Exercise requirements:
The requested output is every line from the one with "和装 洋装 日本製 s84" through the last line below, printed exactly.

Provided data:
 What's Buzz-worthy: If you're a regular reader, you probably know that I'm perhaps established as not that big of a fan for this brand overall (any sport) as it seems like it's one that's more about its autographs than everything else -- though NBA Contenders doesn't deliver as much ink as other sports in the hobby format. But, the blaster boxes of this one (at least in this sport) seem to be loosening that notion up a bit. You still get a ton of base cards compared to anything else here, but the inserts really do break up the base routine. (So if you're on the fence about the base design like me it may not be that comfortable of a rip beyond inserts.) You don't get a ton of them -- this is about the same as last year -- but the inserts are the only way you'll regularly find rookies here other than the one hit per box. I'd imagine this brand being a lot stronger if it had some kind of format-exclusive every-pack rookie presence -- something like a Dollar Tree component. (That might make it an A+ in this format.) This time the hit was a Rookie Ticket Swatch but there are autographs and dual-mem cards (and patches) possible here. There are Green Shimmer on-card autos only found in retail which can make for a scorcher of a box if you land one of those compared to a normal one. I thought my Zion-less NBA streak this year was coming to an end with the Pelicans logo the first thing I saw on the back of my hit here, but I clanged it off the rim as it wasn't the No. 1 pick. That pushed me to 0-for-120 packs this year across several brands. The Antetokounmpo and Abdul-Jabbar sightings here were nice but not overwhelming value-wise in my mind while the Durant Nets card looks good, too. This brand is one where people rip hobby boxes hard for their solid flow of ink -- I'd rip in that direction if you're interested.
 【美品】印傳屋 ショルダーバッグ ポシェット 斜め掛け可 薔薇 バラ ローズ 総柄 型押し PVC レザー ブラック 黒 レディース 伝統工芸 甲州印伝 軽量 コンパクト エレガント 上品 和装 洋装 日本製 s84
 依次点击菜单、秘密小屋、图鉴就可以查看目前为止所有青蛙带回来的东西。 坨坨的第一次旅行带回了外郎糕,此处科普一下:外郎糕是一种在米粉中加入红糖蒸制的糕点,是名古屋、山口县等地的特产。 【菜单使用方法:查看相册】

Output for this task:
 【美品】印傳屋 ショルダーバッグ ポシェット 斜め掛け可 薔薇 バラ ローズ 総柄 型押し PVC レザー ブラック 黒 レディース 伝統工芸 甲州印伝 軽量 コンパクト エレガント 上品 和装 洋装 日本製 s84
 依次点击菜单、秘密小屋、图鉴就可以查看目前为止所有青蛙带回来的东西。 坨坨的第一次旅行带回了外郎糕,此处科普一下:外郎糕是一种在米粉中加入红糖蒸制的糕点,是名古屋、山口县等地的特产。 【菜单使用方法:查看相册】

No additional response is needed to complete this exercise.